- Records excerpted from a collection:
_ _ _ _ _ _ _
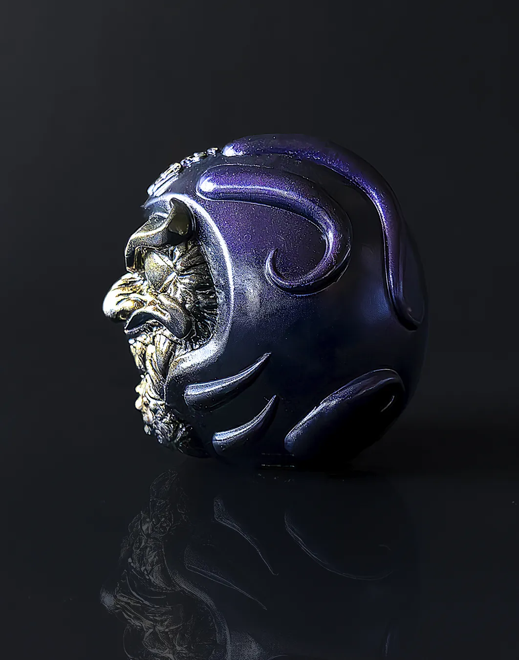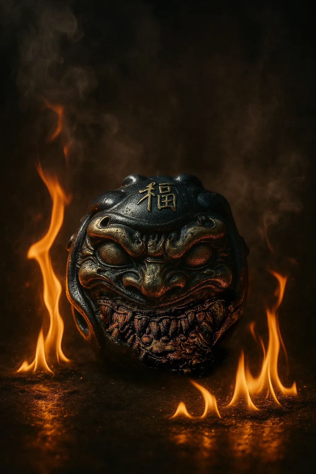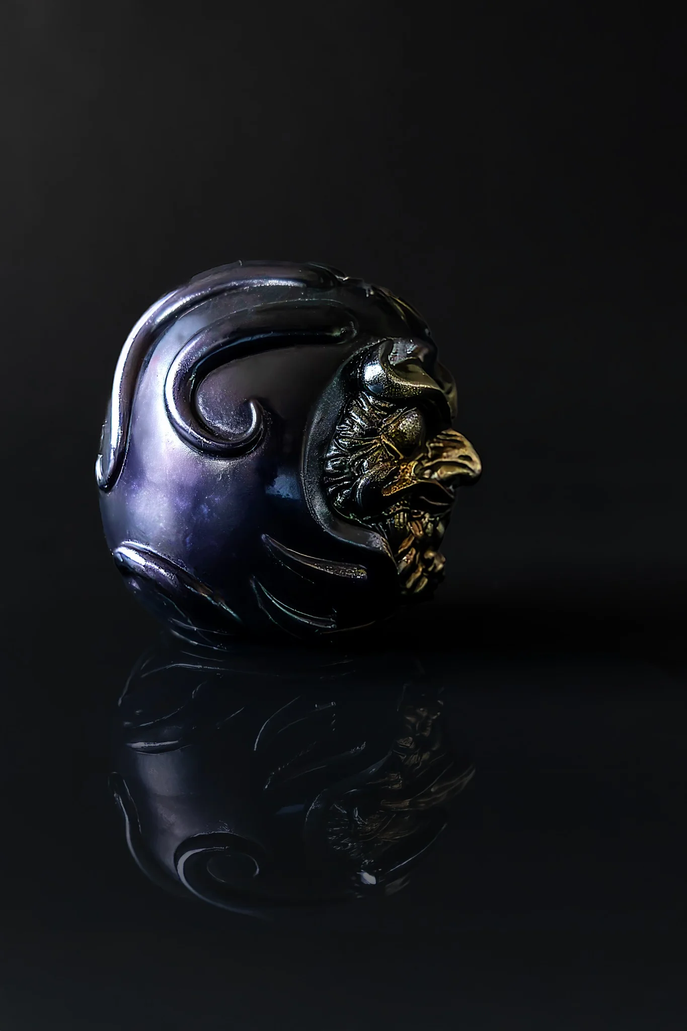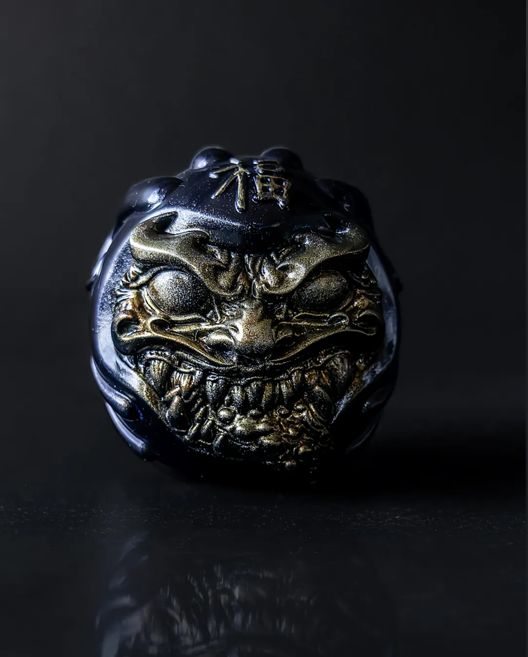 Su rostro distorsionado, de expresión salvaje y sonrisa desgarradora, simboliza no la buena fortuna, sino el lado oscuro de los deseos. La pieza refleja un espíritu que no concede deseos: los devora. Cada pliegue y textura fue modelado con precisión para provocar inquietud, seduciendo con su acabado metálico e iridiscente que cambia bajo la luz.
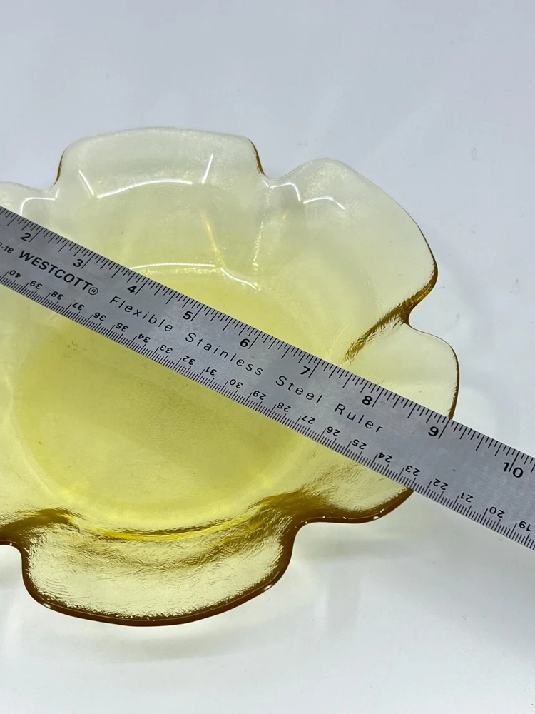 This gorgeous vintage lotus bowl adds a pop of sunny yellow charm to any space! The elegant flower design and quality glass craftsmanship make it perfect for displaying candies or simply as a statement decor piece. Its sturdy yet delicate look captures that classic 70s vibe while feeling fresh and stylish. Love how it catches the light—such a cheerful accent for tabletops or shelves!
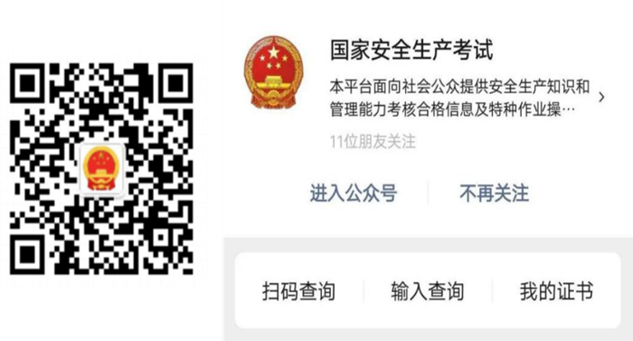 (二)您可以关注“国家安全生产考试”微信公众号,选择“证书查询”,输入本人姓名和身份证号,即可查询到您的证书信息。
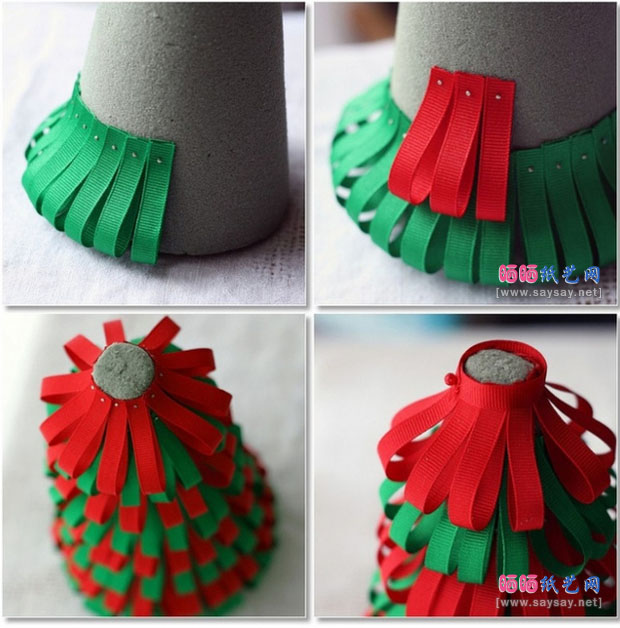 布世圣诞树的制作方法比较简单了,就是把丝带剪成大小一样的长度,然后一个个钉上去就好了。大家看图片一下就懂了。
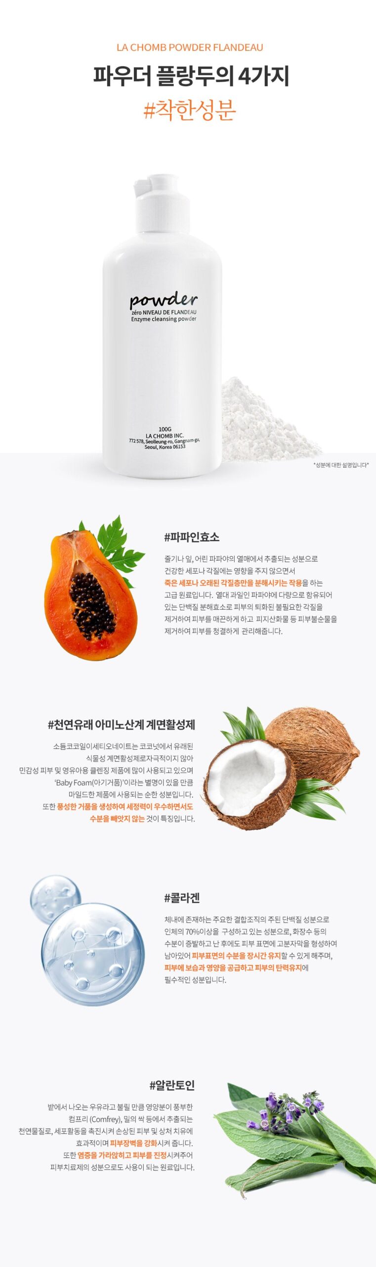 Ingredients extracted from stems, leaves, and young papaya fruits It is a high-quality raw material that works to break down only dead cells or old stratum corneum without affecting healthy cells or dead skin cells. It is a proteolytic enzyme contained in a large amount in papaya, a tropical fruit, which removes degenerated and unnecessary dead skin cells to make the skin smooth, and removes skin impurities such as sebum oxide to keep the skin clean.
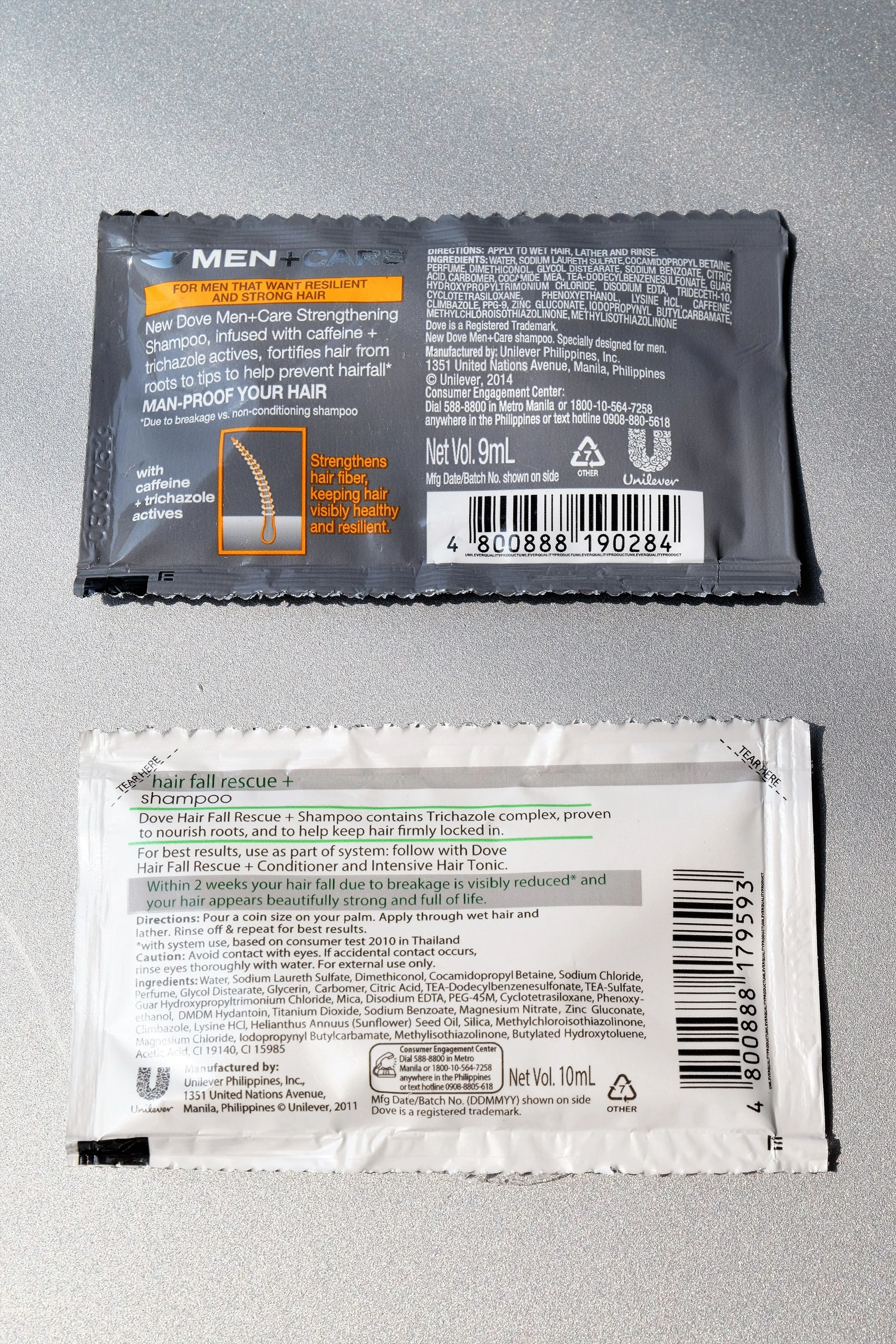 What I found slightly disturbing was the message each one sends. Dove Hair Therapy clearly says on its bottom front, “Love your hair,” while its masculine equivalent declares “Man-proof your hair" on the back panel. What is Dove trying to say here? That man-proofing is the same as loving your hair? Or that women should love and men should “man-proof,” whatever that means? In terms of content and pricing though, Dove Hair Therapy has the upper hand: it contains 10mL, 1mL more than Dove Men+Care shampoo. It’s also cheaper at P4.75 per sachet compared to P5.25. Huh. Curiouser and curiouser.
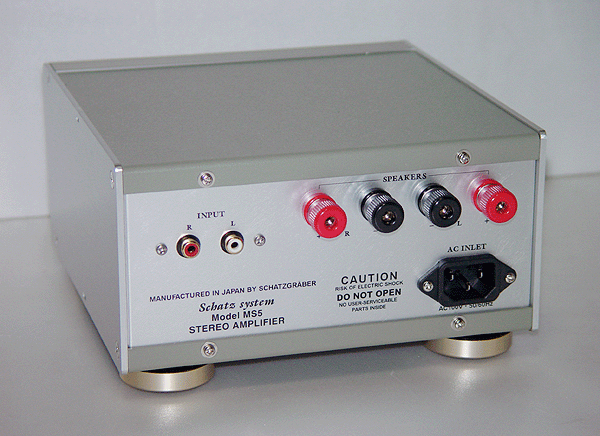 MSシリーズの最上位機種 MS1の上位機としてラインナップされたアンプです。 音の傾向は、MS1の延長線上に位置し、音の純度・再現性を追及したアンプです。 MS1との 回路的な大きな違いは左右両チャンネルに独立した電源供給を 持っているということです。 MS1は左右共通の電源部を利用しています。 左右19W+19Wの定格出力は変わりません。その他MS5では音響的な 純度を増す方向での措置が全体にすすめられています。 外観は高さがMS1の2倍の大きさになっています。 幅と奥行きは変わりません。 スピーカーターミナルは左右4端子が独立したねじ式のターミナルが使われています。 これはバナナプラグ も利用可能です。 電源部はACインレットが設けられ、 電源ケーブルの差し替えが可能です。
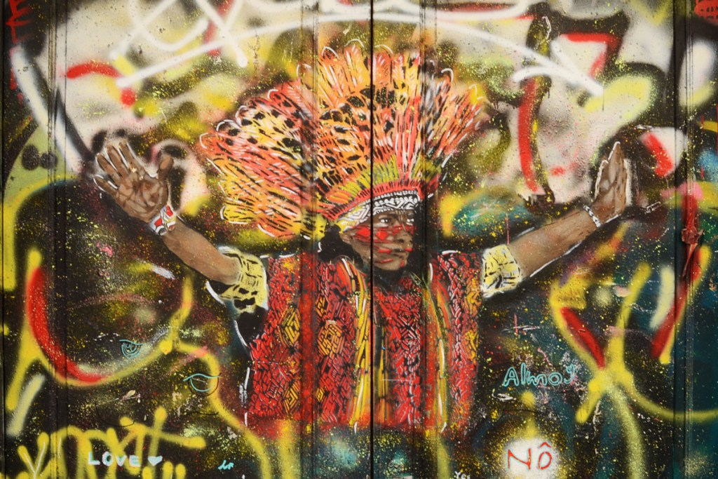 street art portrait by No on rue Denoyer in Paris, of an indigenous Australian man with arm upraised and holding a boomerang covered with aboriginal symbols and art
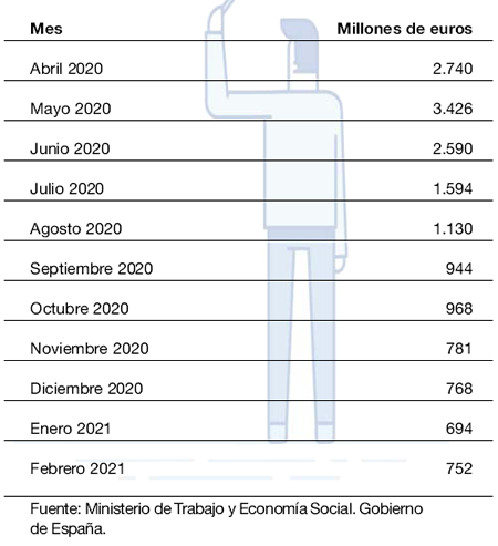 Desde que empezó la pandemia, esta ha sido la evolución del gasto en prestaciones ERTE:
_ _ _ _ _ _ _
- Work task:
Omitting all pictures, copy the preceding entries without any alteration.

- Response area:
 Su rostro distorsionado, de expresión salvaje y sonrisa desgarradora, simboliza no la buena fortuna, sino el lado oscuro de los deseos. La pieza refleja un espíritu que no concede deseos: los devora. Cada pliegue y textura fue modelado con precisión para provocar inquietud, seduciendo con su acabado metálico e iridiscente que cambia bajo la luz.
 This gorgeous vintage lotus bowl adds a pop of sunny yellow charm to any space! The elegant flower design and quality glass craftsmanship make it perfect for displaying candies or simply as a statement decor piece. Its sturdy yet delicate look captures that classic 70s vibe while feeling fresh and stylish. Love how it catches the light—such a cheerful accent for tabletops or shelves!
 (二)您可以关注“国家安全生产考试”微信公众号,选择“证书查询”,输入本人姓名和身份证号,即可查询到您的证书信息。
 布世圣诞树的制作方法比较简单了,就是把丝带剪成大小一样的长度,然后一个个钉上去就好了。大家看图片一下就懂了。
 Ingredients extracted from stems, leaves, and young papaya fruits It is a high-quality raw material that works to break down only dead cells or old stratum corneum without affecting healthy cells or dead skin cells. It is a proteolytic enzyme contained in a large amount in papaya, a tropical fruit, which removes degenerated and unnecessary dead skin cells to make the skin smooth, and removes skin impurities such as sebum oxide to keep the skin clean.
 What I found slightly disturbing was the message each one sends. Dove Hair Therapy clearly says on its bottom front, “Love your hair,” while its masculine equivalent declares “Man-proof your hair" on the back panel. What is Dove trying to say here? That man-proofing is the same as loving your hair? Or that women should love and men should “man-proof,” whatever that means? In terms of content and pricing though, Dove Hair Therapy has the upper hand: it contains 10mL, 1mL more than Dove Men+Care shampoo. It’s also cheaper at P4.75 per sachet compared to P5.25. Huh. Curiouser and curiouser.
 MSシリーズの最上位機種 MS1の上位機としてラインナップされたアンプです。 音の傾向は、MS1の延長線上に位置し、音の純度・再現性を追及したアンプです。 MS1との 回路的な大きな違いは左右両チャンネルに独立した電源供給を 持っているということです。 MS1は左右共通の電源部を利用しています。 左右19W+19Wの定格出力は変わりません。その他MS5では音響的な 純度を増す方向での措置が全体にすすめられています。 外観は高さがMS1の2倍の大きさになっています。 幅と奥行きは変わりません。 スピーカーターミナルは左右4端子が独立したねじ式のターミナルが使われています。 これはバナナプラグ も利用可能です。 電源部はACインレットが設けられ、 電源ケーブルの差し替えが可能です。
 street art portrait by No on rue Denoyer in Paris, of an indigenous Australian man with arm upraised and holding a boomerang covered with aboriginal symbols and art
 Desde que empezó la pandemia, esta ha sido la evolución del gasto en prestaciones ERTE:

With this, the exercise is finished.